Damaging mutations in nucleotide excision repair, base excision repair and non-homologous end joining genes are enriched in ER+ patient tumors
To further understand the involvement of DDR genes in ER+ breast cancer, incidence of damaging versus nondamaging missense mutations (as predicted by SIFT; refs. 25, 26) was analyzed in pretreatment biopsies from NeoAI (Supplementary Table S1). In this analysis, genes from SSBR pathways showed significant enrichment for damaging mutations when compared with all other genes in the genome, whereas DSBR genes did not (Fig. 4A). Enrichment for damaging and tolerant mutations over genome-wide frequency was then assessed for each individual DDR pathway in NeoAI (Supplementary Fig. S5). Damaging mutations were enriched in genes of NER, BER, NHEJ, and HR pathways (FDR < 0.05), but tolerant mutations were not, potentially indicating a selection for deleterious mutations in these pathways during tumor evolution. Damaging mutations were also enriched in genes of FA pathway, but nondamaging mutations showed even higher enrichment, suggesting that any role for FA gene mutation in ER+ breast cancer is likely complex (Supplementary Fig. S5). Enrichment for deleterious (frameshift/nonsense; FS/NS) over missense (MS) mutations in ER+ patient tumors was validated in TCGA for genes of BER and NHEJ, but not HR and FA, pathways, although due to limited follow-up time in this dataset, similar validation could not be obtained for NER (Fig. 4B). To facilitate rigorous statistical analysis, P values were generated by comparing the proportion of somatic FS/NS:MS mutations in each DDR pathway in patients who were alive, to a control set of genes that have not been implicated as cancer drivers (SYNE1, MYH7, NEB). Together, these enrichment analyses promote the postulate that NER, BER, and NHEJ gene mutations may be ER+ breast cancer drivers.

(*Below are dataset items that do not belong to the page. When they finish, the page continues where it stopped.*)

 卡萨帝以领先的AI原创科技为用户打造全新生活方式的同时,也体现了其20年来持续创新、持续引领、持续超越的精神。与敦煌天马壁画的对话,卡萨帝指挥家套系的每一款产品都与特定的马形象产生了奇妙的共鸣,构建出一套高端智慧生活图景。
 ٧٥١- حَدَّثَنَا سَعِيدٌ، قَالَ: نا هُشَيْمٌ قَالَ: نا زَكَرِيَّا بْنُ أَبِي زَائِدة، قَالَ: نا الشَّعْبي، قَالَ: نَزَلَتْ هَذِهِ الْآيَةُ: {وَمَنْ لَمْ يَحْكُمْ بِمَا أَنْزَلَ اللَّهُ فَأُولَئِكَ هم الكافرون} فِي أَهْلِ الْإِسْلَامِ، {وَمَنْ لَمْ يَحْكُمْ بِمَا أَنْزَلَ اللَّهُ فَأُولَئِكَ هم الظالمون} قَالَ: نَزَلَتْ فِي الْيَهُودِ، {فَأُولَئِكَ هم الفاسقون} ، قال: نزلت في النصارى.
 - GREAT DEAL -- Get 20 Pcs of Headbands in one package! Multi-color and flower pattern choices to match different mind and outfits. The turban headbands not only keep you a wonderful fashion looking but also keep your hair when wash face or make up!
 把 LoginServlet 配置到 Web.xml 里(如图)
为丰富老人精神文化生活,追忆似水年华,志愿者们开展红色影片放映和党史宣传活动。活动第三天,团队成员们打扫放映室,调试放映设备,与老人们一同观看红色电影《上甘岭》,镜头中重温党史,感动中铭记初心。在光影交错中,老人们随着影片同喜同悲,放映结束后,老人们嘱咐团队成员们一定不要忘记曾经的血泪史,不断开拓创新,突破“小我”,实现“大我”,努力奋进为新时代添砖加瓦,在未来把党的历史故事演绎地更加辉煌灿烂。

To address associations with clinical outcomes more directly, Cox regression analysis was conducted for tumors with mutations in each DDR pathway in two datasets: TCGA and MSKCC-IMPACT (Fig. 4C). TCGA has whole-exome sequencing data from >800 ER+ breast tumors, while MSKCC-IMPACT has targeted sequencing of a selected panel of genes (including a subset of DDR genes) in >300 ER+ primary breast tumors. Among the SSBR pathways, mutations in NER (ERCC2–5) and BER genes each associated with significantly higher HR in MSKCC-IMPACT and TCGA databases, respectively (Fig. 4C), validating observations made in the gene expression (Fig. 2) and enrichment analyses described above (Fig. 4A and B; Supplementary Fig. S5). Association of NER gene mutations in TCGA and BER gene mutations in MSKCC-IMPACT could not be made because of median follow-up being <6 months in either case.
Amongst the DSBR pathways, tumors with mutations in NHEJ genes associated with a significantly higher HR when compared with wild-type tumors in TCGA (Fig. 4C). No NHEJ gene was included in the targeted panel sequenced in MSKCC-IMPACT precluding validation in this dataset. To date, NHEJ has not been associated with ET resistance. Only five genes from this pathway had truncating mutations in either NeoAI or TCGA: PRKDC, XRCC5, DNTT, NHEJ1, and POLM. Patients whose tumors harbored either MS or FS/NS mutations in any of these genes associated with worse overall survival in TCGA, as did patients whose tumors had copy number loss of these loci (Supplementary Fig. S6A). When individual associations with survival were analyzed, only mutation and/or copy number loss of PRKDC associated independently with poor survival (HR = 2.8; P = 0.009, Supplementary Fig. S6B). In addition, tumors with either PRKDC copy number loss or mutations also had significantly lower gene expression of PRKDC (P < 0.001, Supplementary Fig. S6C), suggesting that this is unlikely to be a chance association. Although mutation data on PRKDC was not available in METABRIC, the association of PRKDC copy number loss with poor survival was validated in METABRIC (Supplementary Fig. S6D). In addition, the association of PRKDC mutations with poor prognosis was observed in parallel with this study, in an independent set of ER+ patient tumors (41).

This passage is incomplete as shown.